The morning after the surgery, I was seen by two SHOs, one of whom was particularly rude and aggressive. He made rude and unprofessional comments about the other doctors who had dealt with me, then gave ophthalmology advice which totally contradicted what I had been told by the ophthalmology team – he became very abrasive when I pointed this out.

He failed to arrange for the drains to be removed from my head, these were not removed until 10pm that night following repeated complaints by me, and thus I was prevented from leaving the hospital until the next day.

One of these doctors claimed to have telephoned the consultant for advice on a medical issue that I had raised and he had said this and that. When I discussed this with the consultant the next day, he was clear that he had not been phoned by anyone about my case and would not have given such advice.

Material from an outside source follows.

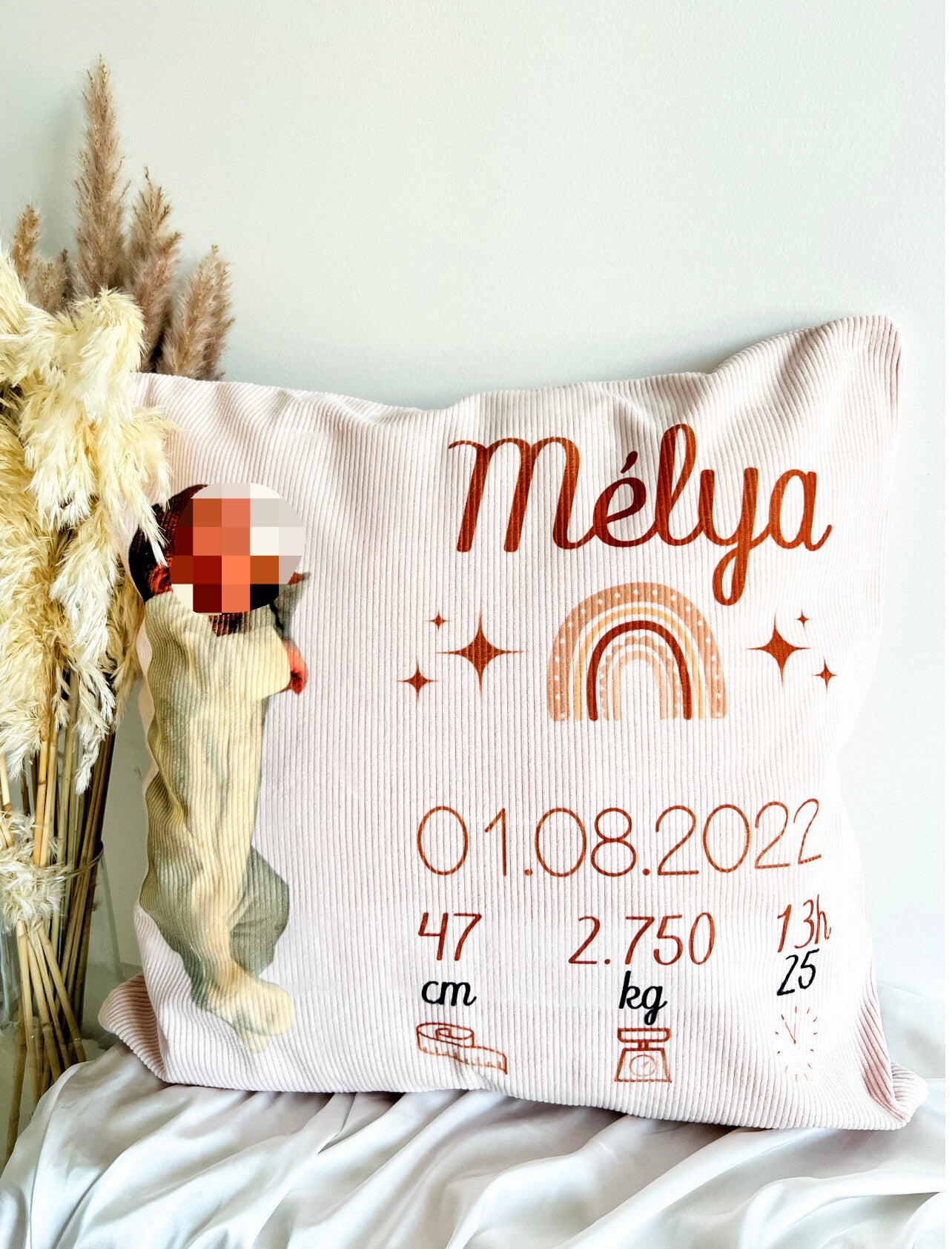 Pour l'option coussin naissance (45*45), merci d'indiquer en commentaire :

On top of everything else, there was no ward sister on the ward from 3pm until the next morning. “Bank” nurses felt confident that they could get away with no wearing identification badges. Other staff were unable to identify them.

I have made three formal complaints to the Managing Director of this hospital and am singularly unimpressed by the way that they have been investigated to date. I also have complaints about the behaviour of two nurses going to the Nursing and Midwifery Council and complaints about three doctors going to the GMC.

I feel that the way this hospital is run is atrocious. The management of this hospital does not reflect the skill, care and professionalism of many staff who have the misfortune to work in such a badly run organisation, whose dedication is overshadowed by the behaviour of some rude and seemingly incompetent colleagues who seem confident that they can get away with such behaviour. Ultimately, I feel it is the patients who pay the price.